DATA SECTION:
-=-=-
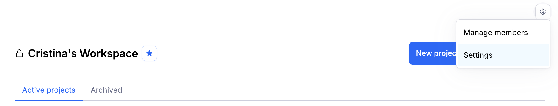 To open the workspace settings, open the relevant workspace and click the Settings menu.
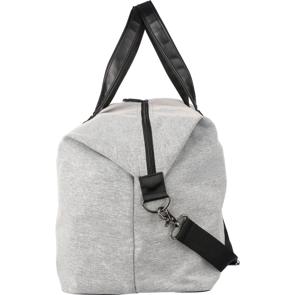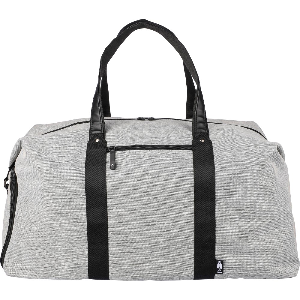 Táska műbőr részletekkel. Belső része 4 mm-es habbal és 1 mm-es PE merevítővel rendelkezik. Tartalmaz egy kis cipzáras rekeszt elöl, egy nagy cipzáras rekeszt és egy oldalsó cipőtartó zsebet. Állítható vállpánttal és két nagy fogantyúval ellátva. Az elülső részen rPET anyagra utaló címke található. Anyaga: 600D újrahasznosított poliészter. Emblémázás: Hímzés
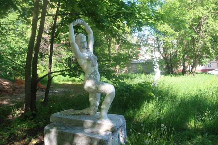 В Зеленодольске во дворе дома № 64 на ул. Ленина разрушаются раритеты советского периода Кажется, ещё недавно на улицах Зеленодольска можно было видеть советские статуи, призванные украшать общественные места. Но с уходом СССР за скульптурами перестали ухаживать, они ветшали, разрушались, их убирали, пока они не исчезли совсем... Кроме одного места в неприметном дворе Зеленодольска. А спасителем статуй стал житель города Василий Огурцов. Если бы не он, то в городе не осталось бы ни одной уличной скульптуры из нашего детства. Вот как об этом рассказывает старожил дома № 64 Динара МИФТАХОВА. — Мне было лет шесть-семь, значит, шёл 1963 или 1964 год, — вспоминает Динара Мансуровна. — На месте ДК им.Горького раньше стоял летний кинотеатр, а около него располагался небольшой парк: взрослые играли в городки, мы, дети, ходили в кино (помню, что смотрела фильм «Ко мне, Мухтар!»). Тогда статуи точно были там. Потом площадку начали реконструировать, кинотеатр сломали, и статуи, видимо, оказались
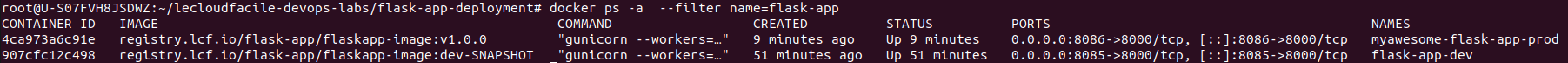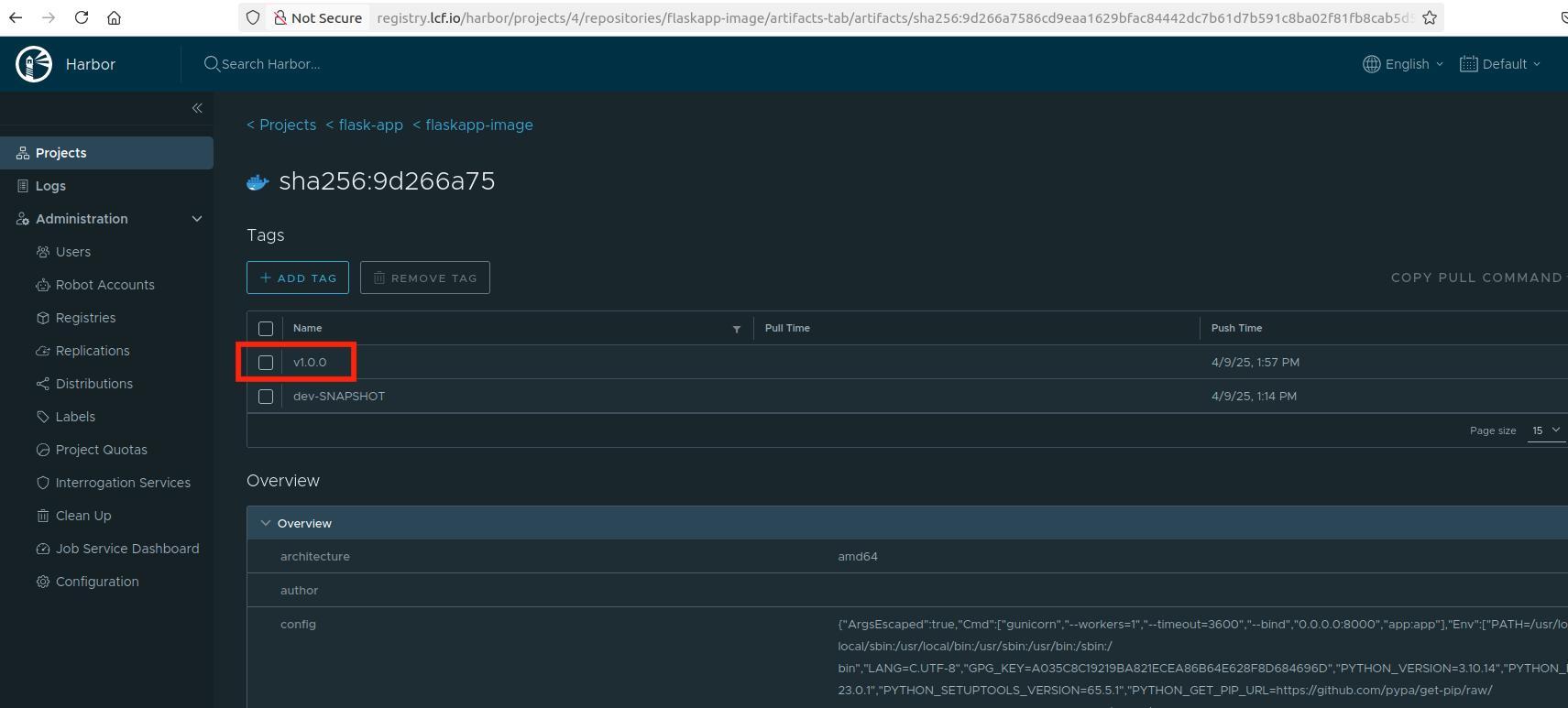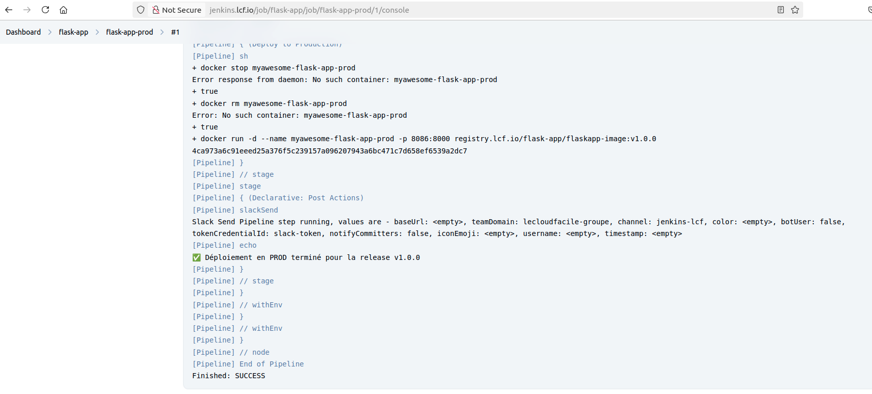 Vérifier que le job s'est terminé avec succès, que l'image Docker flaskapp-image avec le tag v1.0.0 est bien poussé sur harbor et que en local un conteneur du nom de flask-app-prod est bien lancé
-=-=-
Repeat the data above exactly, images excluded.

RESULT OF THIS TASK:
 To open the workspace settings, open the relevant workspace and click the Settings menu.
 Táska műbőr részletekkel. Belső része 4 mm-es habbal és 1 mm-es PE merevítővel rendelkezik. Tartalmaz egy kis cipzáras rekeszt elöl, egy nagy cipzáras rekeszt és egy oldalsó cipőtartó zsebet. Állítható vállpánttal és két nagy fogantyúval ellátva. Az elülső részen rPET anyagra utaló címke található. Anyaga: 600D újrahasznosított poliészter. Emblémázás: Hímzés
 В Зеленодольске во дворе дома № 64 на ул. Ленина разрушаются раритеты советского периода Кажется, ещё недавно на улицах Зеленодольска можно было видеть советские статуи, призванные украшать общественные места. Но с уходом СССР за скульптурами перестали ухаживать, они ветшали, разрушались, их убирали, пока они не исчезли совсем... Кроме одного места в неприметном дворе Зеленодольска. А спасителем статуй стал житель города Василий Огурцов. Если бы не он, то в городе не осталось бы ни одной уличной скульптуры из нашего детства. Вот как об этом рассказывает старожил дома № 64 Динара МИФТАХОВА. — Мне было лет шесть-семь, значит, шёл 1963 или 1964 год, — вспоминает Динара Мансуровна. — На месте ДК им.Горького раньше стоял летний кинотеатр, а около него располагался небольшой парк: взрослые играли в городки, мы, дети, ходили в кино (помню, что смотрела фильм «Ко мне, Мухтар!»). Тогда статуи точно были там. Потом площадку начали реконструировать, кинотеатр сломали, и статуи, видимо, оказались
 Vérifier que le job s'est terminé avec succès, que l'image Docker flaskapp-image avec le tag v1.0.0 est bien poussé sur harbor et que en local un conteneur du nom de flask-app-prod est bien lancé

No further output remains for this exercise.